Problem
Reproduce exactly the lines below from the one containing "Forkæl din kat" through the one containing "Add a touch", including both, and nothing else.

The data

——————

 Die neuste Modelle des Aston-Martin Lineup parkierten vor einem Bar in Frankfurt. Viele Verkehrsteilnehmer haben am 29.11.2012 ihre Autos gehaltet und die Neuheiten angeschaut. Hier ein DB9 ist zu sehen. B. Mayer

——————

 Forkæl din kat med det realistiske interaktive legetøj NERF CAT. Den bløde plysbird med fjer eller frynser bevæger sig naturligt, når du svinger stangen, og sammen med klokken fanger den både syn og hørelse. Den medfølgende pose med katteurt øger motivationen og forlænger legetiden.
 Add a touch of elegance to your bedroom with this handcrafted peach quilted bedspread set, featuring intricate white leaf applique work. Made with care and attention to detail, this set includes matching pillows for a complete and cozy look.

——————

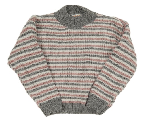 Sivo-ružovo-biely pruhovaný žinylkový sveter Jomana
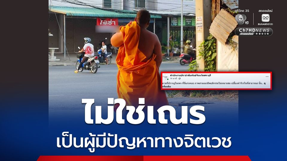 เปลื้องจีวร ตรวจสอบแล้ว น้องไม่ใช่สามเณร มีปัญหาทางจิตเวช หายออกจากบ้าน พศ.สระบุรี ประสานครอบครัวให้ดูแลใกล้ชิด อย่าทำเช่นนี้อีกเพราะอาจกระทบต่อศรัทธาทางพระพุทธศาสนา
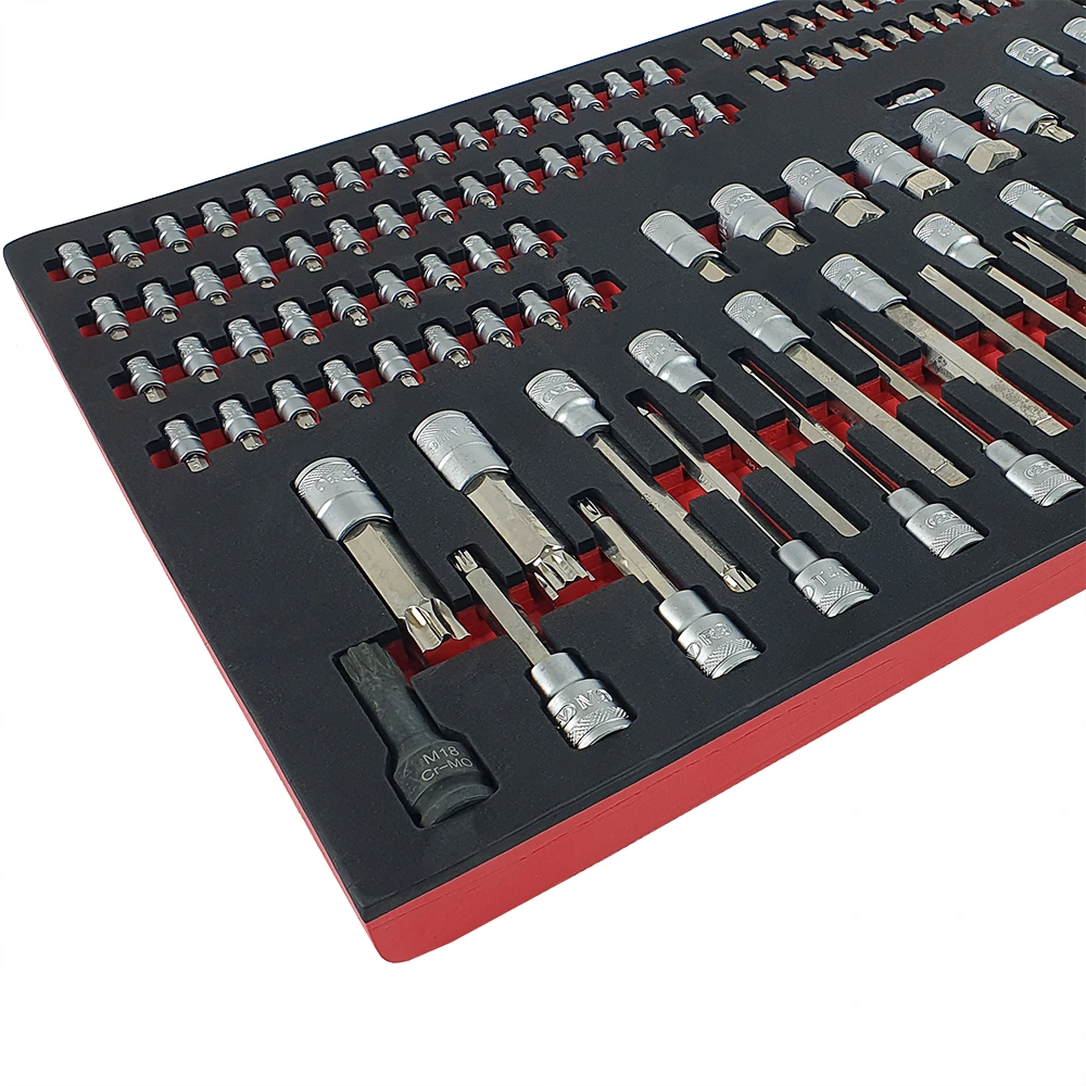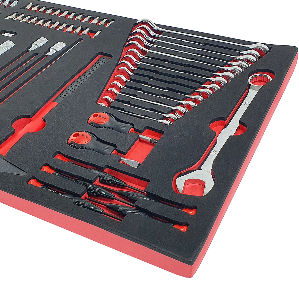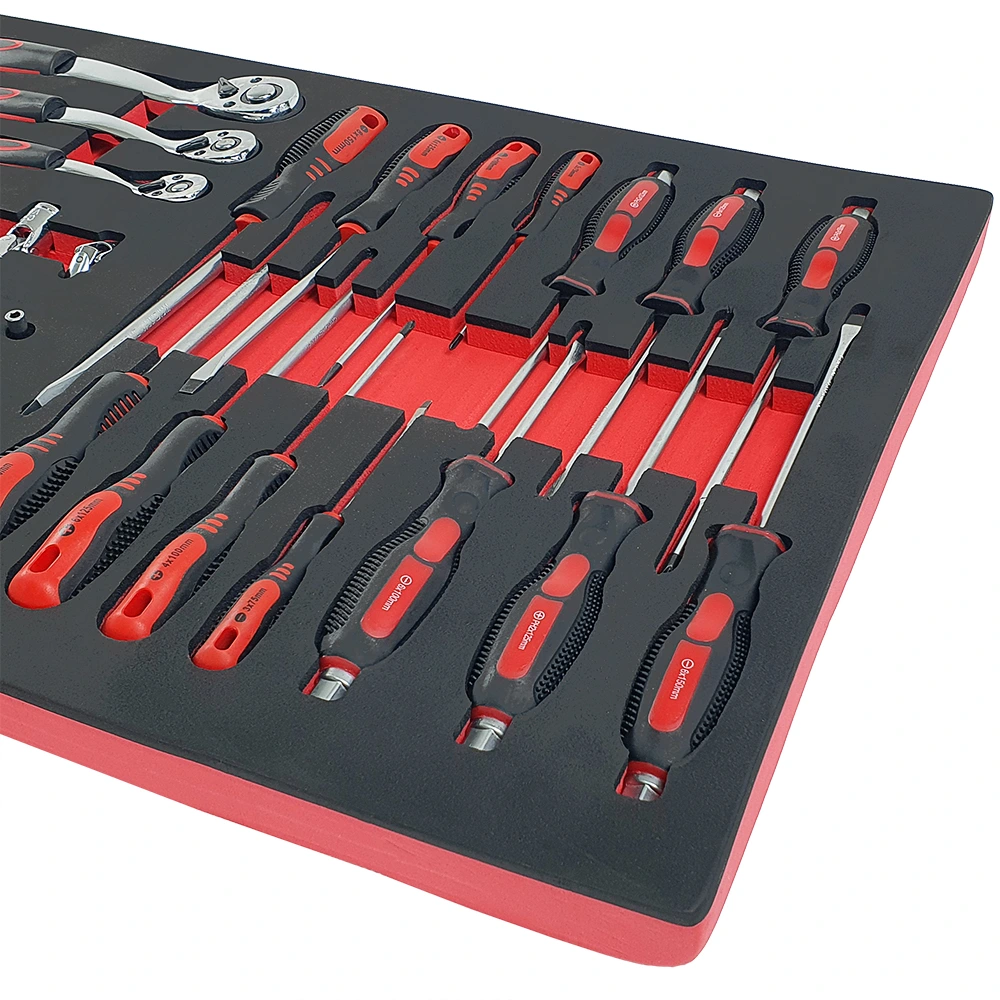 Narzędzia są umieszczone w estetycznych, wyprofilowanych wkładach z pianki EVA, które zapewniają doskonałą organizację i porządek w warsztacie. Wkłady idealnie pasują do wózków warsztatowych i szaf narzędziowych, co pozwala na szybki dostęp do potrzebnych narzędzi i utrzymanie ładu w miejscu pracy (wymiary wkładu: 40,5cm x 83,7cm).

——————

Result of this exercise
 Forkæl din kat med det realistiske interaktive legetøj NERF CAT. Den bløde plysbird med fjer eller frynser bevæger sig naturligt, når du svinger stangen, og sammen med klokken fanger den både syn og hørelse. Den medfølgende pose med katteurt øger motivationen og forlænger legetiden.
 Add a touch of elegance to your bedroom with this handcrafted peach quilted bedspread set, featuring intricate white leaf applique work. Made with care and attention to detail, this set includes matching pillows for a complete and cozy look.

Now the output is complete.